▸ Records supplied
|---|
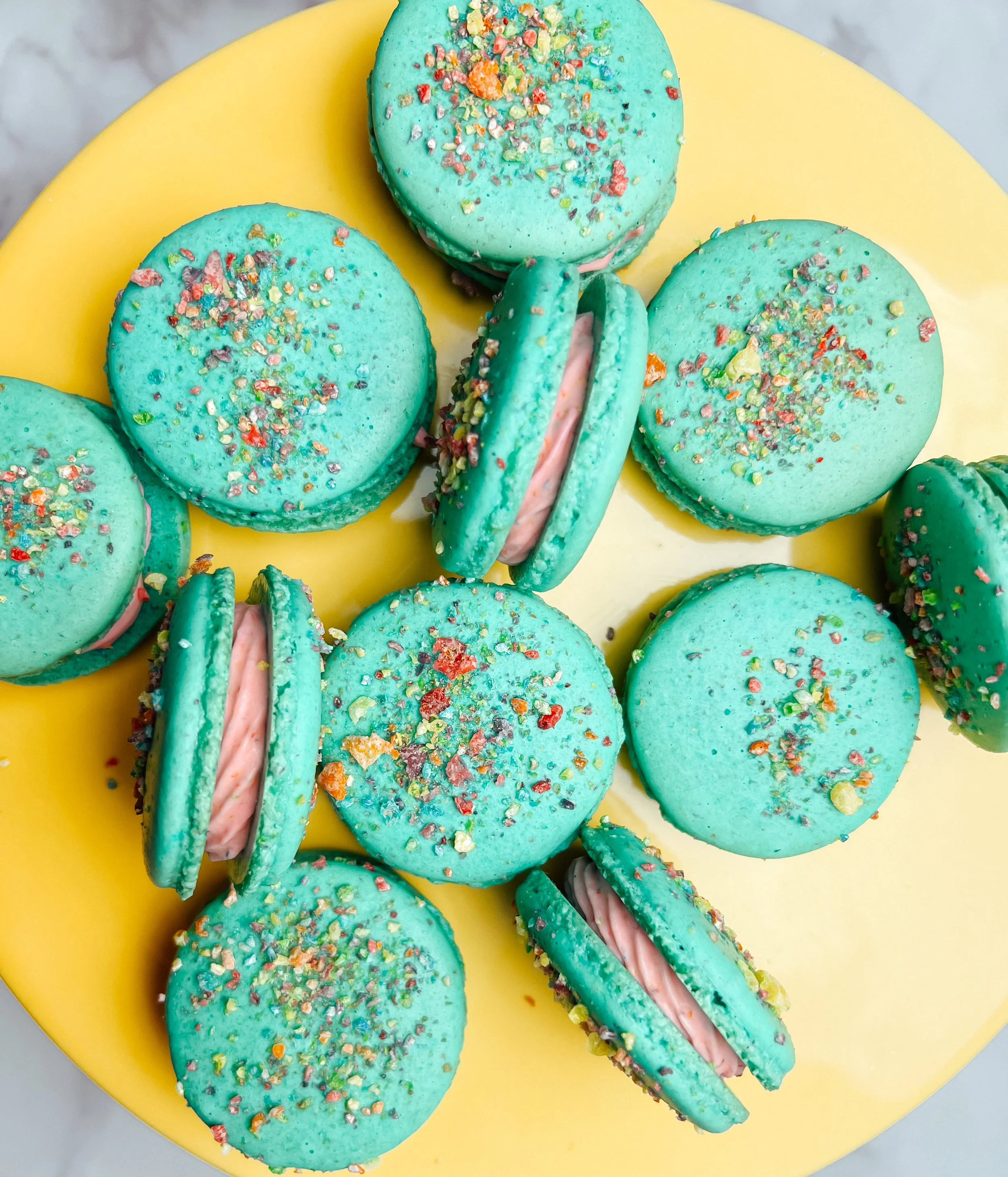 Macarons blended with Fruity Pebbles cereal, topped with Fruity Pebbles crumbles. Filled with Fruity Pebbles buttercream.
|---|
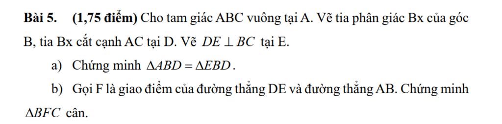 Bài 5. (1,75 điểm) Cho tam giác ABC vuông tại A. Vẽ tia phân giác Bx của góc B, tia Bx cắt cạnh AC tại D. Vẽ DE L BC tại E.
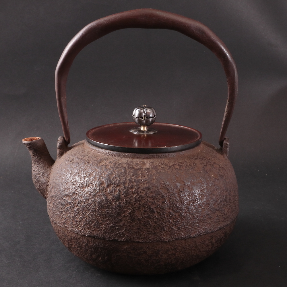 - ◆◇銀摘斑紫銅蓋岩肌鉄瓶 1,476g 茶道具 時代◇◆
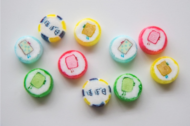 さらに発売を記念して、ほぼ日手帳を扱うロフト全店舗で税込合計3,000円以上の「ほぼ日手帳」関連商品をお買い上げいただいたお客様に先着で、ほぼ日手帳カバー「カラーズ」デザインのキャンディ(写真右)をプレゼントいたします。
|---|
▸ Your task
Of all the material above, only the lines from the one that has "- ◆◇銀摘斑紫銅蓋岩肌鉄瓶 1,476g 茶道具 時代◇◆" down to the one that has "さらに発売を記念して、ほぼ日" are to be written out, exactly and with both ends included. Pictures are skipped.

▸ Output for this task
 - ◆◇銀摘斑紫銅蓋岩肌鉄瓶 1,476g 茶道具 時代◇◆
 さらに発売を記念して、ほぼ日手帳を扱うロフト全店舗で税込合計3,000円以上の「ほぼ日手帳」関連商品をお買い上げいただいたお客様に先着で、ほぼ日手帳カバー「カラーズ」デザインのキャンディ(写真右)をプレゼントいたします。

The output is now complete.